This feels unnecessary restricting. For example the Parsing Protobuf at 2+GB/s: How I Learned To Love Tail Calls in C article mentioned in the RFC uses a table of function pointers in some examples:

MUSTTAIL return op_table[op](ARGS);

This seems like a very useful pattern and disallowing it with the convention specifically designed for tail-calls seems very unfortunate.

It's not disallowed. The "rusttail" convention is not exposed to user code at all, the compiler transparently decides how to use functions with that calling convention but one constraint is that "rusttail" functions can't be used in function pointers.

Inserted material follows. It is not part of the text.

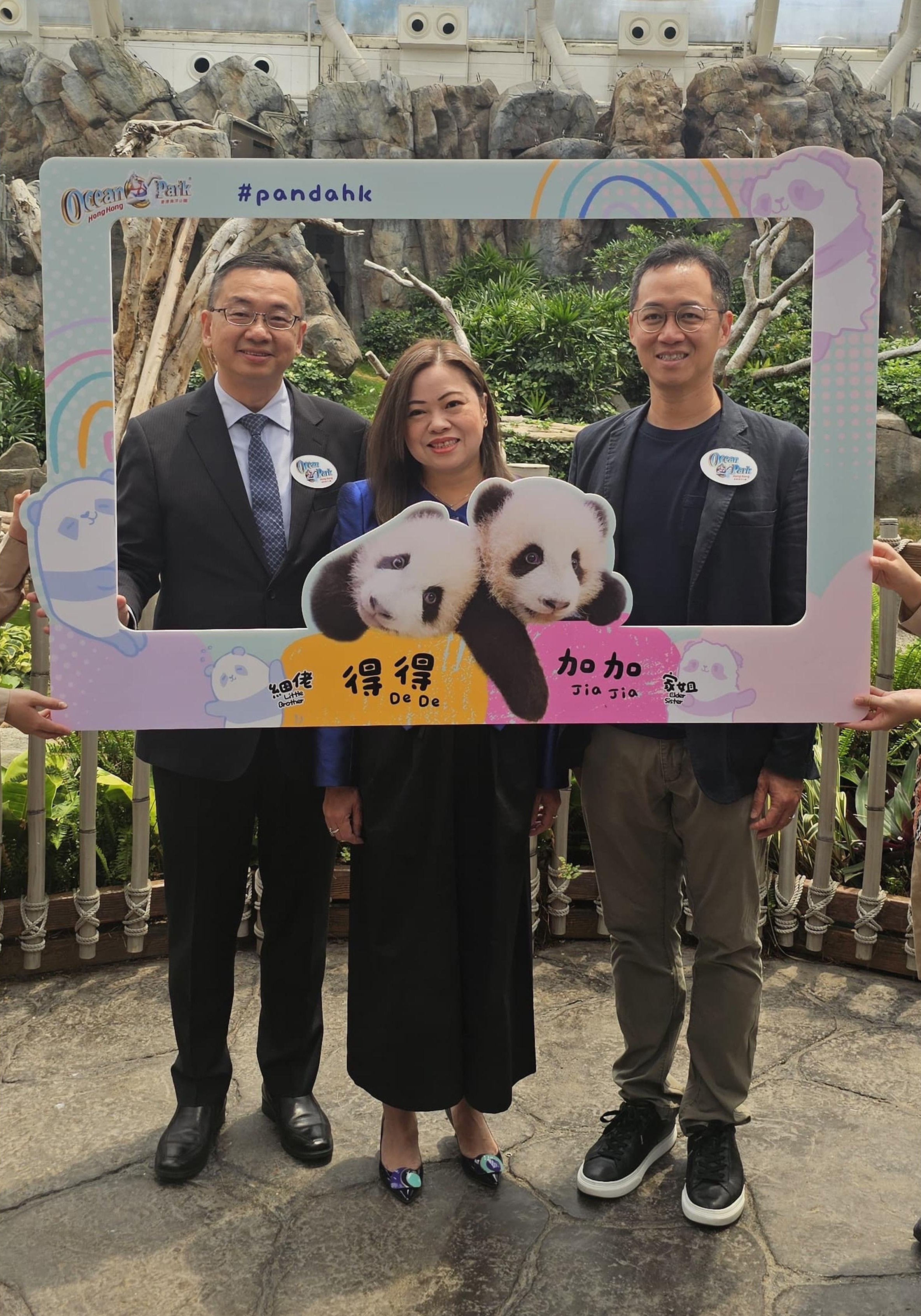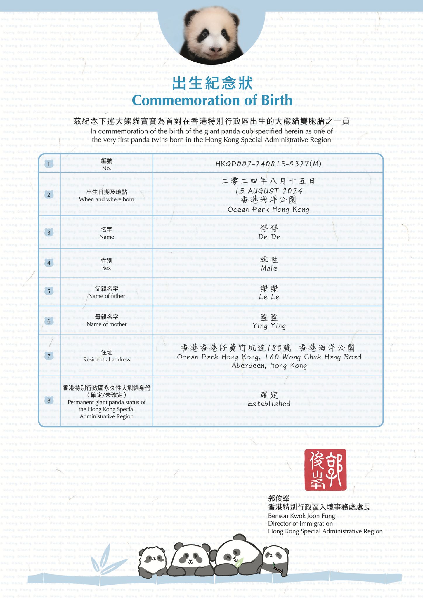 為了紀念首對大熊貓龍鳳胎在香港出生,郭處長昨天出席公布大熊貓名字儀式時,親自贈送了兩張「加加」和「得得」的「出生紀念狀」給海洋公園,上面還印有它們的照片、名字、出生日期、父母名字等資訊,還原度一百分,超級可愛。

You can become both "rusttail" functions and regular functions, but regular functions have the same-arguments restriction while rusttail functions have no argument restrictions. So your op_table example would be fine, those would be regular functions in the table and the caller would have to have the same arguments as ARGS.

digama0 Your assesment (#3407 (comment)) is correct for the case that you tail call a known set of functions. However, for the common case of indirect tail calls this does not work since it is impossible/impractical to know upfront which functions are going to be called indirectly.

Indirect tail calls would be regular functions, and hence would need to obey the same argument restriction.

The RFC mentions another alternative design with function groups with which it is possible to model such a scenario by restricting the group of tail callable functions. However, this alternative design has the major flaw in that the property of tail calls is not a property of a function declaration but the property of a function call.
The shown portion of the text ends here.